Wheel alignment

Friday 29 September 2017

Under African Skies, pt9

Our airline connections called for a road trip back to Arusha and a night at a hotel, a flight to Dar es Salaam and a night there, then a flight to Doha and another to Auckland.  Somewhere in the region of 18,000 km all up which is about as long as it gets to anywhere!

Like all the road trips so far, there was plenty of activity to keep the interest up.  One stop to mark territory, grab refreshment and buy some gifts was at a small but classy shopping complex on the roadside.

Cool stuff in here

There was a mix of reasonably-priced goods, plus some spectacular high end items.  Jennie bought a few bits and pieces, including a nice bracelet with silver fittings and a piece of Tanzanite set in it, similar in colour to a sapphire.  My eyes were firmly set on some magnificent stylised wooden animal figurines over 2 metres high which were apparently carved by a local tribe renowned for their work.  Unsurprisingly, they were deservedly expensive and besides, how would I carry them?  Here they are:

Sensational workmanship

The room where these masterpieces were located was beautifully laid out with other superb examples of the carver's art:

All way out of my league!

Not only were there animal carvings, but African masks, spears and so on.  However, it was the item in the next photograph which I would have cheerfully taken home and exhibited in our lounge.  Not at all what you'd expect to find in a place like this!

Isn't this just superb?
Contemporary African art

Back on the road again, it was time to shoot more photos of everyday life in Tanzania.

Downtown superette

Tuk-tuks are really popular as taxis in some places

These 3 wheeled bikes are popular general purpose carriers too

Local women selling green bananas

Maasai herdsman moving stock - a common sight

Coming into the city of Arusha, the women all wore brightly coloured clothing which really added something to the vibe of the place.  I noticed the woman below walking up the road and she walked with such grace and elegance that I just had to take a photo.

Grace and elegance

After a night of chilling and saying goodbye to our friends who were all in the process of working their way back to Australia by various routes, Jennie and I left for nearby Arusha airport.  Our driver was a delightful young man called Alex Kenga who had worked as a computer engineer in various parts of the world.  He had returned to Arusha with his wife to start a family and was in partnership with his brother running a tour company with the great name of Mama Savana!  Again, we were so impressed with the positive, "go get 'em" attitude of the young people we met and really enjoyed their company.  I guess that in an environment where social support is minimal, there's no room for snowflakes with a well-developed air of entitlement.

I must say that we had some severe reservations on the approach to Arusha "airport".  All we could see was a collection of tin sheds and thought that Aeroflot could well be regarded the world's best airline by comparison, especially after the drama with Kenya Air.  However, whilst the facilities were a bit limited, the ground crew were on their game and the aircraft belonging to Precision Air were perfectly modern.

The airport (a loose description) consisted of a main runway and a parallel taxiway.  This taxiway doubled as a loading area, a spot for giving aircraft a wash and lord knows what else.  Whilst waiting for our flight, we thoroughly enjoyed all the activity and watching taxiing aircraft weaving in and out of other stationary aircraft and people wandering about.  Perfectly safe I suppose but it's simply something you don't see in the west - all part of the fun of being somewhere else!

Aircraft and people everywhere

Our plane (green and orange tail) taxiing in

It would seem that in this part of Africa, planes are more like buses.  Our flight left Arusha, landed on the holiday island of Zanzibar first and was only on the ground for a few minutes - we didn't even have to get off the plane.  When it departed for Dar es Salaam, there were only a handful of us left on it.

Dar es Salaam is Tanzania's most populous city at around 4.5 million (over some 1600 sq km!) and temperatures were in the mid 30's C when we arrived and humid as heck.
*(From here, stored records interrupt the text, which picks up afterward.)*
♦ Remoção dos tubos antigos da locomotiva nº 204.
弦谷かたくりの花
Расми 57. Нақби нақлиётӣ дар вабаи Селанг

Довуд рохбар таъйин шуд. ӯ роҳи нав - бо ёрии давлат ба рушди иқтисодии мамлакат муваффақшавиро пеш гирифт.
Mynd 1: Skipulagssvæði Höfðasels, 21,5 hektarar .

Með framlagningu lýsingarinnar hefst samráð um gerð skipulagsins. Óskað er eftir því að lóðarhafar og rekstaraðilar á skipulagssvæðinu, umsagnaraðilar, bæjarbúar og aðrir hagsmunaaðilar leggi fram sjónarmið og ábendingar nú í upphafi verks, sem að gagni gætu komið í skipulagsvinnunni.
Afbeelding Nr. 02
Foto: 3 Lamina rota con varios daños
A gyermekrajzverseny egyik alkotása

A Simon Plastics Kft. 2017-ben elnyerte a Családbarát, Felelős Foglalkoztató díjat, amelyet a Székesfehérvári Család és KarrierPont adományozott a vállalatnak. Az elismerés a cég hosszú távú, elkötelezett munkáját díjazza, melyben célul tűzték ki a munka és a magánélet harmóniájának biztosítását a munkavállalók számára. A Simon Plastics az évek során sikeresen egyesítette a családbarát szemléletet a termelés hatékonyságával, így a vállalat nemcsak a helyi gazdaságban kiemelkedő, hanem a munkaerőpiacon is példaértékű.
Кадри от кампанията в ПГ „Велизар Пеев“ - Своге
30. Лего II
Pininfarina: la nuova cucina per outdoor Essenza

Africans are crazy about soccer and with a big game due to start downtown in a couple of hours, the traffic was absolutely nuts. Adding to the chaos were people wandering between the vehicles, trying to sell fresh fruit, newspapers, toys and anything in between - great people-watching!

Our hotel down on the harbour was seriously impressive.  Our room was the biggest we've ever stayed in and beautifully appointed - you could have held a conference in it!  It also had a large private deck outside with great views of the harbour.

Big, or what???

A big deck outside too!

Views from the deck aren't too shabby

We're tired and a bit disoriented after being constantly on the move so decide to stay in the hotel, eat well and get some decent shuteye in readiness for the long trip home tomorrow.  As mentioned earlier, we'll be covering a total of around 18,000 km...... starting with a 3 hour wait at Dar airport, 6 hours to Doha, a 4 hour wait, then 17 hours non-stop to Auckland finishing with a 2.5 hour drive home.  A real test of stamina and sanity for anyone.
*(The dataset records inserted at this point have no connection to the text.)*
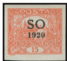
15 h hnědočervená – neperforovaná, s předtiskem „SO 1920“. Výskyt: 28. ZP 7.TD. Právě taková známka 15 h. Někdy vyznačená spirálou. Výskyt: neperforovaná, 29. ZP 7.TD.
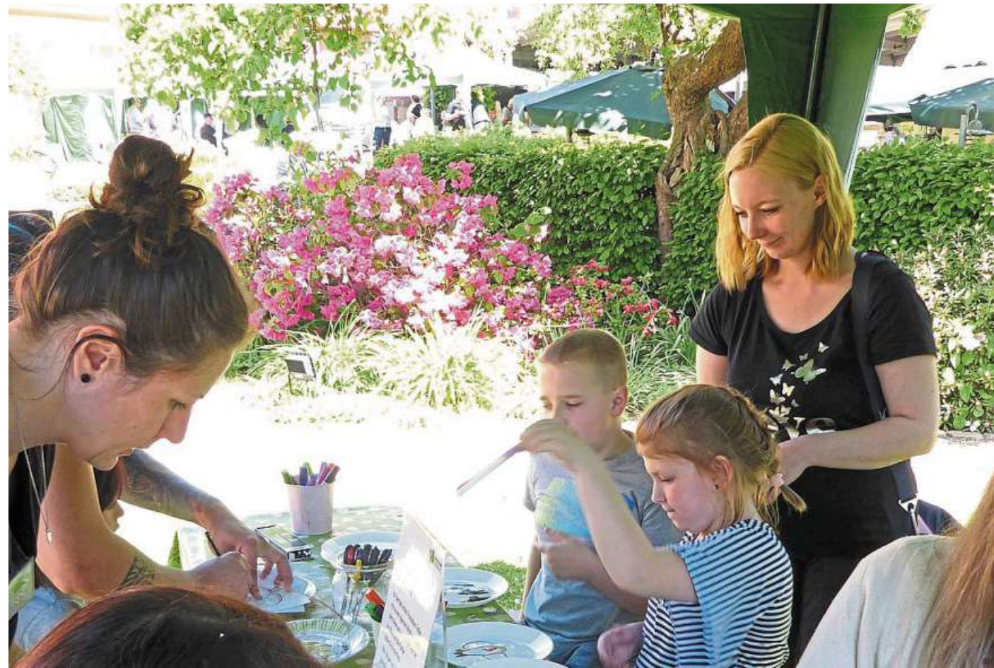
Porzellanteller bemalen konnten die Kinder während des Spargelfests 2022.
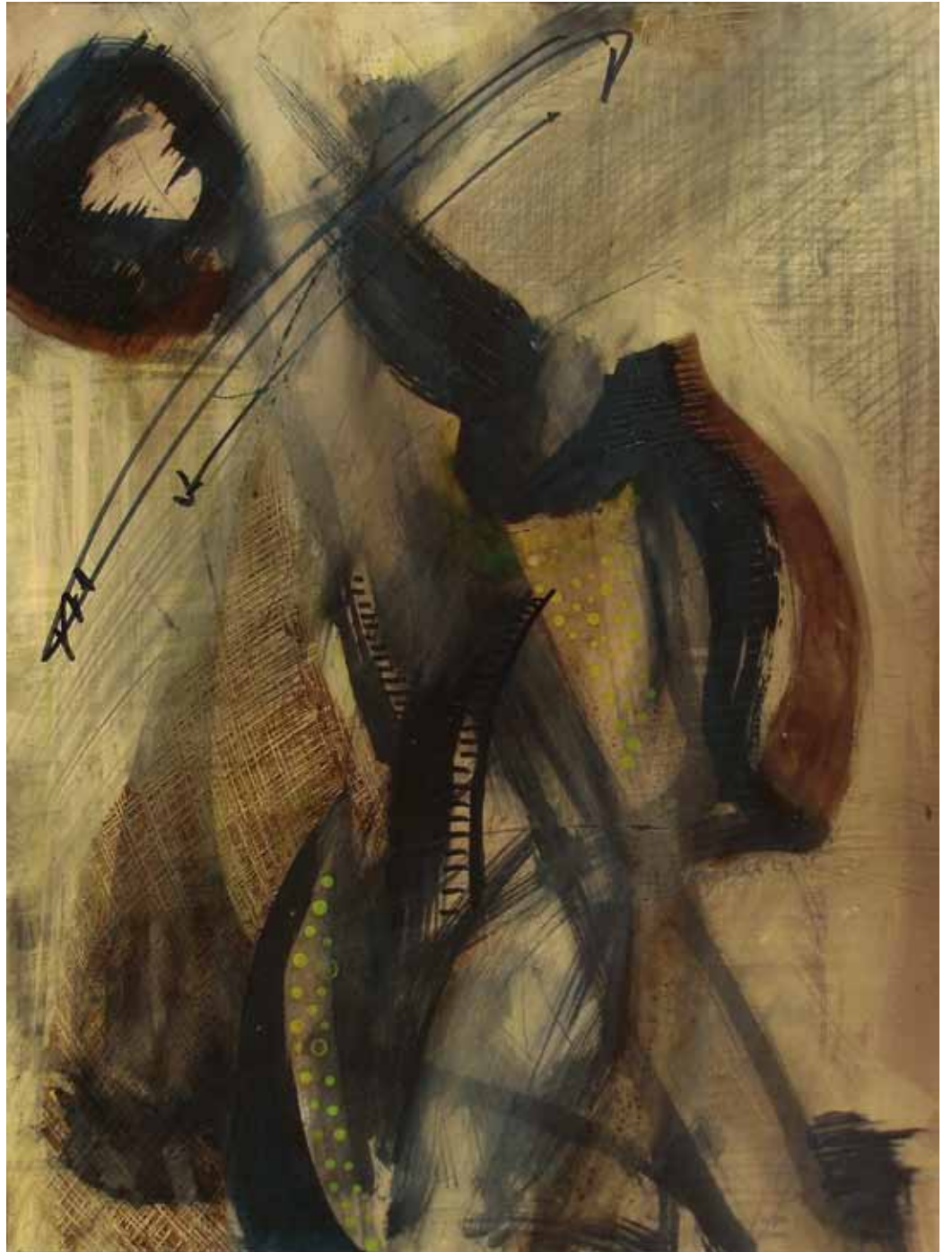
Љубов 1, 2009 год, ком. тех. на картон, 39 x 29 см
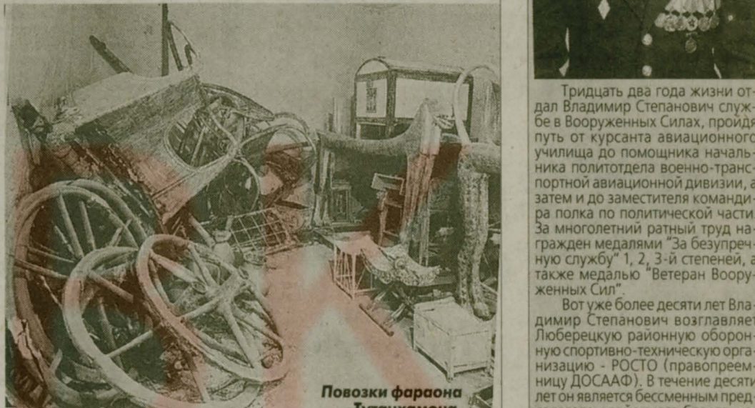
Повозки фараона Тутанхамона.

Ты только прислушайся к этим словам: "долина фараонов", "долина царей" - богатые, помпезные кладбища древних правителей египетской цивилизации, которой 5 тысяч лет. В Каирском национальном музее нам показали сокровища Тутанхамона, те, что привезли в Москву. Эти пирамиды мы ехали по Каиру. Большой восточный город, где башни мечетей соседствуют с современными зданиями и водителя на дороге ездит по своим только им ведомым правилам ("Светофоры у нас для самолетов", - шутил экскурсовод).
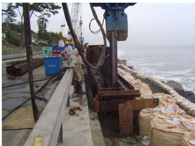
シートパイル打設状況 19日14時撮影
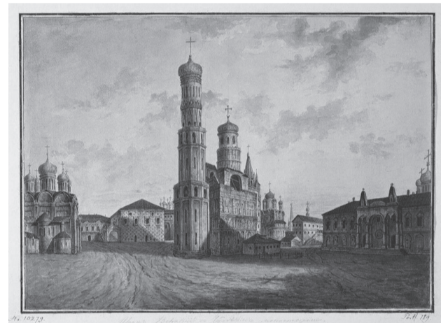
Фёдор Алексеев (1753 - 1824) Иван Великий и Чудов Монастырь.

Вскоре священник Ермолай принял иноческий постриг с наречением имени Гермоген. По всей вероятности, пострижение происходило в Чудовом монастыре, который был назван им впоследствии обетным. В 1587 году он был назначен архимандритом Казанского Спасо-Преображенского монастыря. 13 мая 1589 года владыка Гермоген был хиротонисан во епископа, и в том же году новоизбранный Патриарх Иов возвел его в сан митрополита Казанского и Астраханского. На этой кафедре святитель Гермоген проводил широкую, плодотворную миссионерскую работу среди язычников и мусульман (татар), приводя их к православной вере.
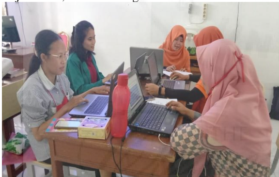
Gambar 3. Guru-Guru Kelompok Mapel Biologi Sedang Melakukan Praktek Pengembangan.

Kegiatan Pelatihan Praktek Pengembangan Perangkat Pembelajaran dilakukan dalam 4 pertemuan secara berturut-turut pada pertemuan 1, 2, 3 dan dilakukan praktek pengembangan; Rencana Pelaksanaan Pembelajaran (RPP), Media Pembelajaran, Lembar Kerja Peserta Didik (LKPD) dan Perangkat Penilaian yang sudah ada atau dimiliki guru menjadi Perangkat Pembelajaran Berbasis HOTs-Literacy . Masing-masing pelatihan ini dilakukan secara berkelompok sesuai dengan mata pelajarannya yang terdiri dari kelompok guru-guru mata pelajaran; Biologi, Kimia dan Fisika yang berturut-turut berjumlah 6, 4 dan 3 orang.

The trip went smoothly although with the waiting around and time zone changes, sleep didn't come quite as easily as the outbound trip.  The lovely Qatar flight attendants knew that the trip was to celebrate our 45th wedding anniversary and about an hour out of Auckland, they all came out of the galley and presented us with a cake with Happy Anniversary written on the plate in raspberry coulis and took selfies.  What a lovely touch to end what was undoubtedly the best holiday in a series of truly great holidays we've had over the years.
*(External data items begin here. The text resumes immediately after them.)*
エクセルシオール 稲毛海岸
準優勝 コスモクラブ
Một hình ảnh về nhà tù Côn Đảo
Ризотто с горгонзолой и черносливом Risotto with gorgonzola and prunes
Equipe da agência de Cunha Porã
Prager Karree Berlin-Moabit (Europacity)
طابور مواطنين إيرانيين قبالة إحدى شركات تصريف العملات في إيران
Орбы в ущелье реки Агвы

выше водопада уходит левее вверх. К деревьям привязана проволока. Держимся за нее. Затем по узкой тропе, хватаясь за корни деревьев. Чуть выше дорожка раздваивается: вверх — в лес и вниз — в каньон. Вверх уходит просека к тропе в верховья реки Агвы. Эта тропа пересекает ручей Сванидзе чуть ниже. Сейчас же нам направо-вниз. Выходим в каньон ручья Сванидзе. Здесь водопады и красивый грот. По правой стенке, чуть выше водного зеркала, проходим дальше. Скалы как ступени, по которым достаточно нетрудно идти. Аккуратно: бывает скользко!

Qatar, Kenya and Tanzania are truly magnificent destinations for their wildlife and breathtaking scenery but as always, the holiday was made complete by the wonderful people we met.  In what seems like increasingly troubled times throughout the world, we shouldn't lose sight of the fact that most of the planet's population are great people, trying to get by and caring about their fellow man.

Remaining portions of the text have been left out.